Keith Murdoch (1943–2018)

Это история не о регби. Она не об успехе или поражении. В ней нет ни героя, ни злодея. Есть человек и его жизнь. Жизнь по его правилам, ради которой он сбежал, чтобы не считаться злодеем, и решил не возвращаться, когда мог стать героем.

***

2 декабря 1972 года. Кардифф. Стадион «Армс Парк». Кит Мёрдок подхватывает мяч метрах в семи от зачётной зоны соперника. Защитник прыгает в ноги, ещё трое идут на перехват, но тщетно. Всеми своими ста десятью килограммами правый столб сборной Новой Зеландии буквально сминает их и падает с мячом в зачётную зону. Счёт становится 10:0 в пользу «Олл Блэкс», однако именно эта попытка окажется решающей в матче — Уэльс навяжет серьёзную борьбу, но проиграет 16:19.

3 декабря 1972 года. Кардифф. Отель «Энджел», всего в минуте ходьбы от стадиона. Половина второго ночи. Кит Мёрдок врывается на давно закрытую кухню и начинает всё крушить, требуя еды. Он пьян в хлам и он проголодался. Остановить его пытается только один из членов новозеландской делегации. На помощь тщедушному дедушке спешит телохранитель сборной Питер Грант. Ранее он уладил назревающий конфликт, когда убедил ночного портье налить отдыхающим регбистам ещё по стаканчику после закрытия бара. Но теперь Гранту приходится иметь дело не со старающимся выполнять все правила и предписания сотрудником отеля, а с громилой, подогретым непомерным количеством алкоголя. Огромный кулак летит в глаз телохранителю. Несколько человек повисают на могучих руках Мёрдока, другие — оттаскивают поднявшегося с пола Гранта.

– Нелепица какая-то. Мы были приставлены к новозеландцам, чтобы защищать их. Этого не должно было случиться, — утром ошарашенно скажет Грант, светясь двумя подбитыми глазами.

Это не должно повториться. Валлийская пресса поднимает шум, который охотно подхватывают их коллеги из Новой Зеландии. Национальный позор. Дикарь. Недостоин носить цвета «Олл Блэкс».

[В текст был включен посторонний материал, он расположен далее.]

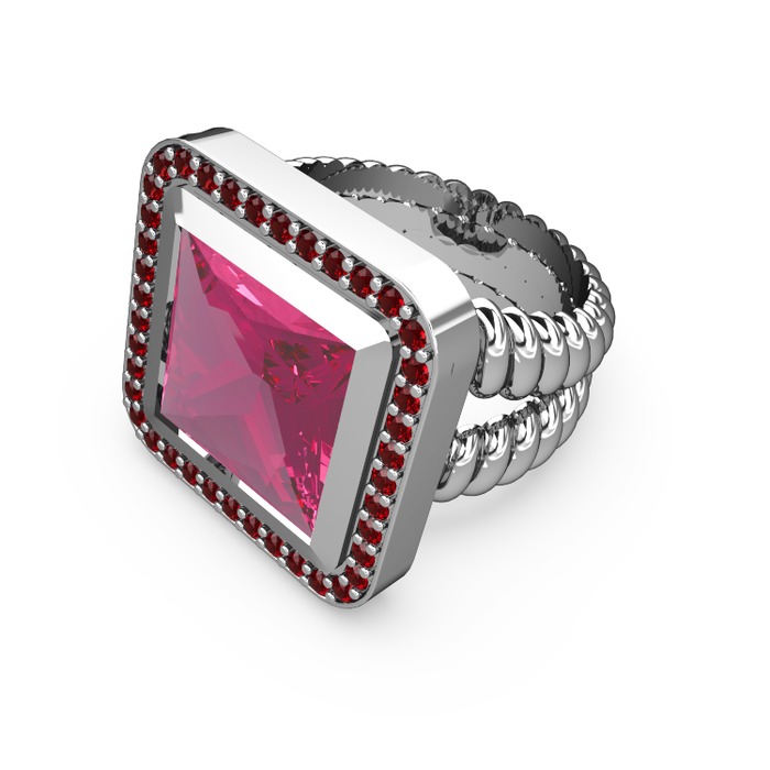 Pembe kuvars ve garnet 14 ayar beyaz altın yüzük

Тем не менее менеджер сборной Эрни Тодд называет имя Мёрдока, объявляя состав команды на следующий матч с Западным Мидлендом, который должен состояться через три дня. Но уже утром менеджер меняет свою позицию и принимает решение наказать Мёрдока отправкой домой. Он недавно узнал, что болен раком, и ему хватает забот и без пьяного дебошира из Отаго. Тодду стоило больших трудов, чтобы тремя неделями ранее замять инцидент на банкете после матча с Лондоном.

Тогда сэр Уильям Рэмзи, президент английского Регбийного Союза, подошёл к Мёрдоку со словами:

– Кит, мальчик мой, наверняка ведь сегодняшний матч на «Туикерс» стал для тебя самым важным событием в жизни?

«Туикинем» в мире регби — всё равно что «Уэмбли» в футболе.

– Ну и чушь ты несёшь, приятель. Как игра против пятнадцати жалких и смешных помми [так англичан называют в Австралии и Новой Зеландии] в присутствии тысяч таких же жалких и смешных их соотечественников вообще может считаться важным событием? Да где же этот чёртов официант с вином?!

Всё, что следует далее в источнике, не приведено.